Eine überraschende Tatsache über das Setup ist, wie gewöhnlich die Tarnung oft aussah. Die Materialien der Täuschung waren keine exotischen Derivate oder anonymen Kryptowährungs-Wallets. Es waren die vertrauten Werkzeuge des modernen Unternehmenslebens: Rechnungen, konzerninterne Forderungen, Vermögensbewertungen und Prüfberichte. In einem Unternehmen der Größe von Steinhoff musste sich der Betrug nicht vor jedem verbergen. Es musste nur für genug Menschen lange genug plausibel bleiben, damit Skepsis wie ein Karriererisiko aussah.
Es gab auch Anreize jenseits der Bilanz. Ein Unternehmen, das zu einem nationalen Champion geworden war, trug symbolisches Gewicht. In Südafrika und später in Europa wurde Steinhoffs Wachstum als Beweis dafür gelesen, dass ein einst lokales Unternehmen über Kontinente hinweg konkurrieren konnte. Dieses Prestige erzeugte eine Art sozialen Lärm um die Zahlen. Analysten erwarteten Dynamik. Banker erwarteten Kontinuität. Mitarbeiter erwarteten, dass die Maschine weiterlief.

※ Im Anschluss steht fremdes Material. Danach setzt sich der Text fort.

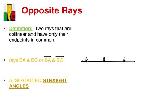 Web opposite rays are two rays that both start from a common point and go off in exactly opposite directions.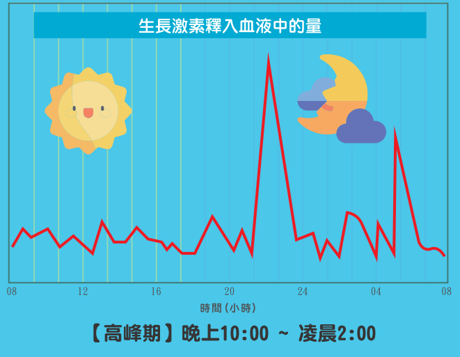 為什麼非要9點半?這不是為了管教孩子,而是為了配合身體的自然節律。人體分泌「生長激素」並不是全天候平均的,它有特定的「高峰期」。這個高峰期通常發生在熟睡後的夜晚,大約是晚上10點到凌晨2點之間,分泌量可以達到白天的數倍之多。重點來了,生長激素只有在進入「深層睡眠」時才會大量釋放。如果孩子10點才上床,翻來覆去到11點才睡著,等真正進入深層睡眠可能已經快12點了,等於錯過了生長激素分泌最旺盛的黃金時段前半場,這對長高來說是非常可惜的浪費!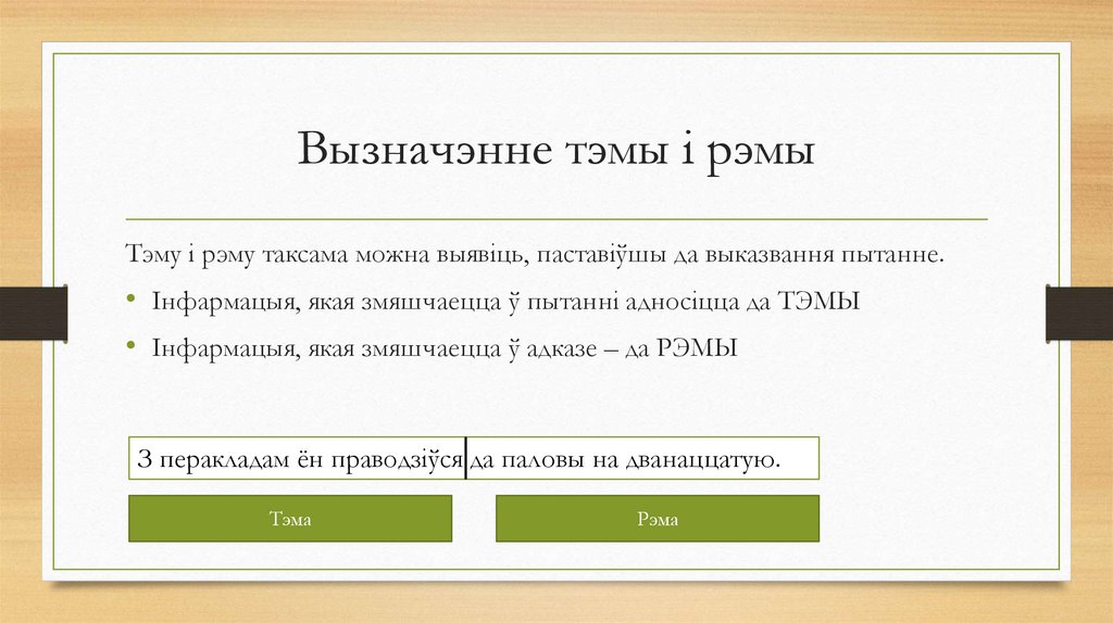 Тэму і рэму таксама можна выявіць, паставіўшы да выказвання пытанне.• Інфармацыя, якая змяшчаецца ў пытанні адносіцца да ТЭМЫ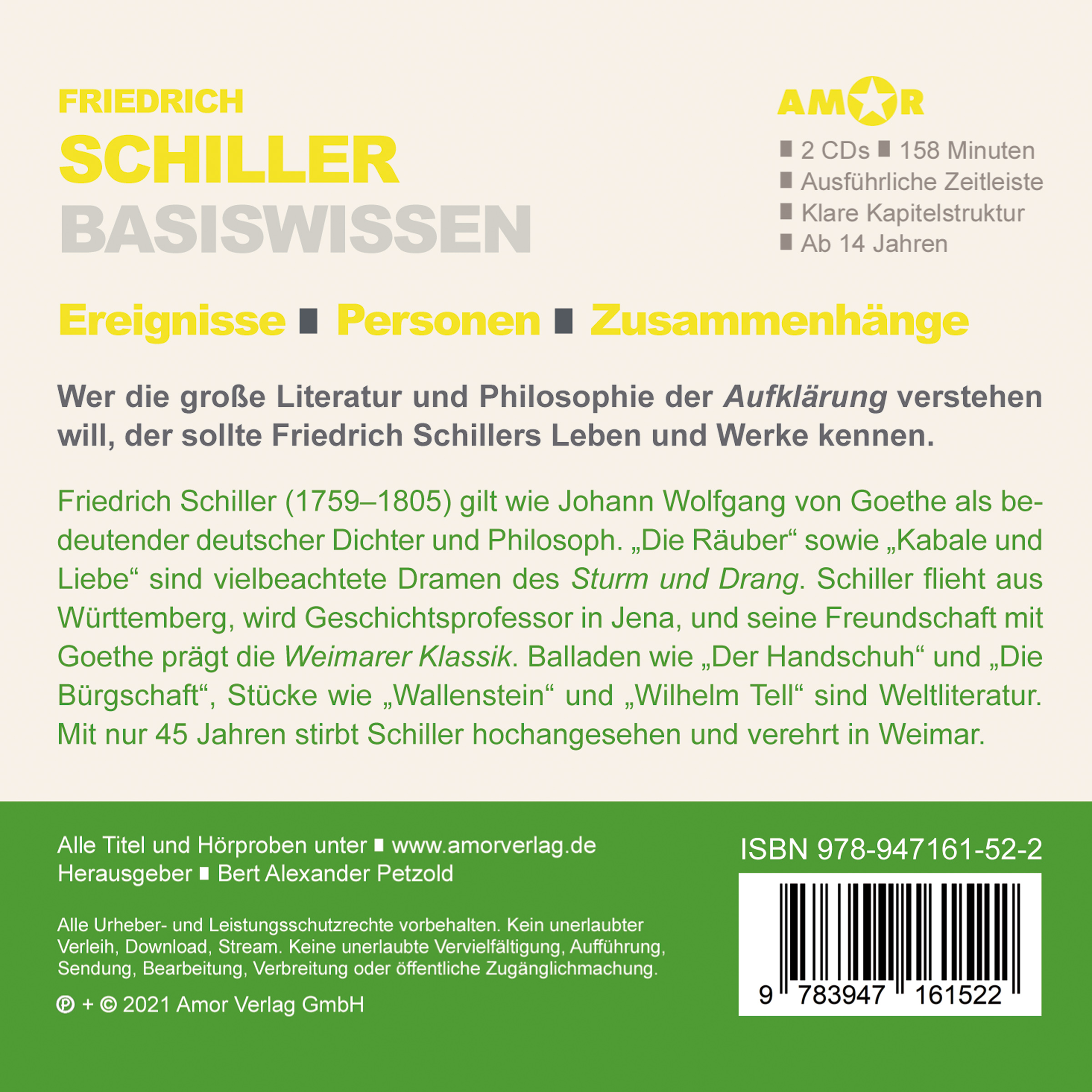 Der erfahrene Autor und Herausgeber Bert Alexander Petzold nimmt uns mit auf eine faktenreiche Literaturreise und erläutert verständlich, unterhaltsam und strukturiert Basiswissen zum wichtigsten deutschen Dramatiker des "Sturm und Drang" Friedrich Schiller.
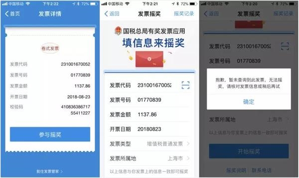 在国家税务总局全国增值税发票查验平台上输入发票的“发票代码”后,始终显示“发票代码输入有误”;而在支付宝平台,显示出了发票为“卷式发票”及基本信息,但点击“国税总局有奖发票应用”的“开始摇奖”选项后,则显示“抱歉,暂未查询到此发票,无法摇奖,请核对发票信息或稍后再试。”

Das erste Geld, so die späteren Offenlegungen, kam nicht als dramatischer Windfall, sondern als stetiger, sich kumulierender Vorteil aus Erklärungen, die das Unternehmen stärker erscheinen ließen, als es war. Überbewertete Erträge unterstützten die Kreditaufnahme. Kreditaufnahme unterstützte Übernahmen. Übernahmen unterstützten weiteres gemeldetes Wachstum. Der Kreislauf begann, sich selbst zu nähren, und jedes erfolgreiche Quartal machte die nächste Falschaussage einfacher zu verkaufen. Als Außenstehende fragten, wie die Maschine weiterhin so reibungslose Ergebnisse produzierte, war die Antwort bereits in einem Dutzend vorheriger Annahmen vergraben.
Innerhalb dieser Wachstumsgeschichte war die früheste Grenze, die überschritten wurde, nicht unbedingt Diebstahl im filmischen Sinne. Es war die Entscheidung, den Markt glauben zu lassen, was nicht sauber bewiesen werden konnte. Sobald diese Schwelle überschritten ist, wird die Papierarbeit Teil der Waffe. Jede günstige Zahl kann verwendet werden, um eine neue Transaktion zu rechtfertigen, jede neue Transaktion kann verwendet werden, um eine günstige Zahl zu rechtfertigen, und das Unternehmen kann weniger wie ein Betrug und mehr wie ein ungewöhnlich erfolgreiches Imperium erscheinen.
Als die Struktur vollständig operationell war, hatte Steinhoff etwas weit Gefährlicheres als eine einzige Lüge. Es hatte eine Methode. Und sobald die Methode funktionierte, musste sie nicht mehr jeden überzeugen — nur die Investoren, die einen expandierenden Einzelhändler sahen, die Banken, die die Sicherheiten mochten, und die Führungskräfte, die die nächste Übernahme der ersten harten Frage vorzogen. Das Geld floss, die Berichte wurden unterzeichnet, und die Bilanz begann, eine Geschichte zu erzählen, mit der die Realität nicht Schritt halten konnte. Die nächste Aufgabe bestand nicht darin, die Illusion zu schaffen. Es ging darum, die Welt zu überzeugen, ihr zu vertrauen.
Dieses Vertrauen wurde nicht an einem Ort gekauft. Es wurde in Vorstandszimmern, Analystengesprächen und Investorenpräsentationen zusammengesetzt — und sobald es sich zu einem Glauben verhärtete, konnte die Lüge skalieren.